Collection entries
● ● ● ● ●

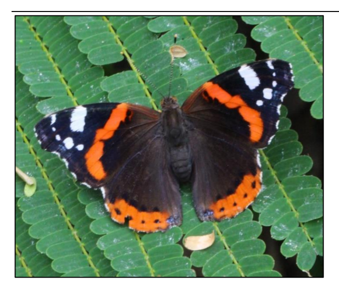
Figure 11 – Vanessa atalanta, Santiago.

In June and July A. moriqua was rather uncommon on most islands. For example, very few were seen at all on São Vicente, despite a proliferation of Acacia flowers; the same was true on Santo Antão, and on Sal, none at all were seen until our last day on the island. Conversely, it was swarming in very large numbers on the numerous Acacia trees that border the long road to Cachaço (Fig. 12). Acacia trees planted to resist the effects of soil erosion are of little nutritional value to the island's goats but provide perfect conditions for A. moriqua . A number of individuals were caught and released, in the hope of finding the other Azanus species that occur on Cape Verde, but all those examined were A. moriqua .
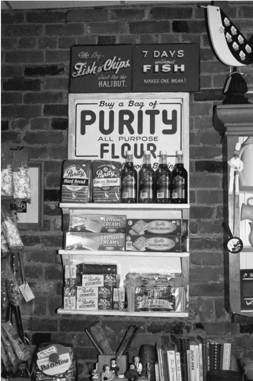
Figure 5. Purity Products on display in Downeast Crafts, 508 Bathurst Street, Toronto, October 2002.
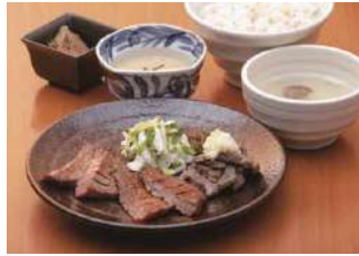
Plaza Building 4F Japanese food

■Phone:06-6770-1165 ■Budget:All day ¥1,500
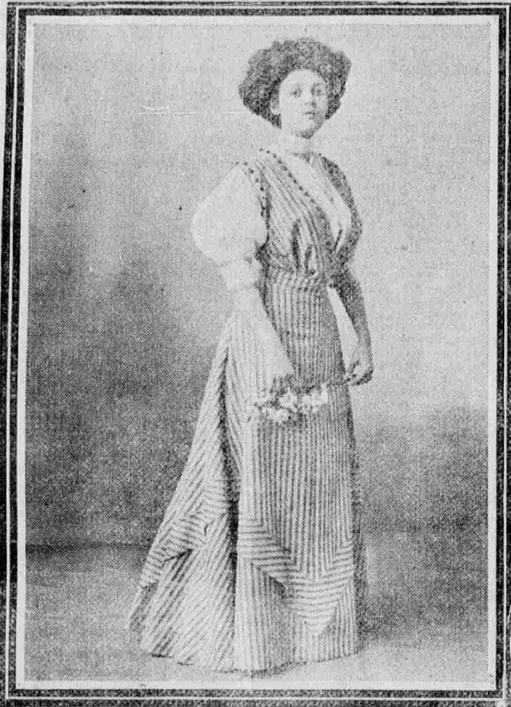
PRACTICAL FROCK OF LIGHTWEIGHT SERGE.
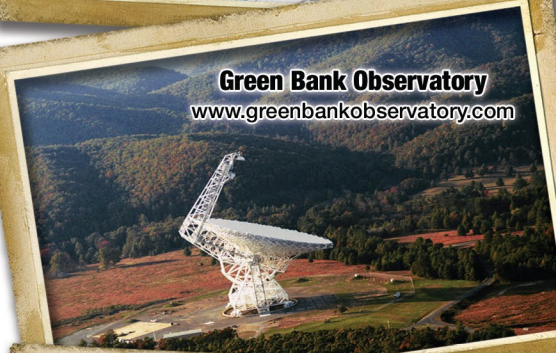
Green Bank Observatory www.greenbankobservatory.com

● ● ● ● ●

_Task to carry out_.
Check each line of the data above for the word "Figure" and copy the ones where it is found.

_The answer_.
Figure 11 – Vanessa atalanta, Santiago.
Figure 5. Purity Products on display in Downeast Crafts, 508 Bathurst Street, Toronto, October 2002.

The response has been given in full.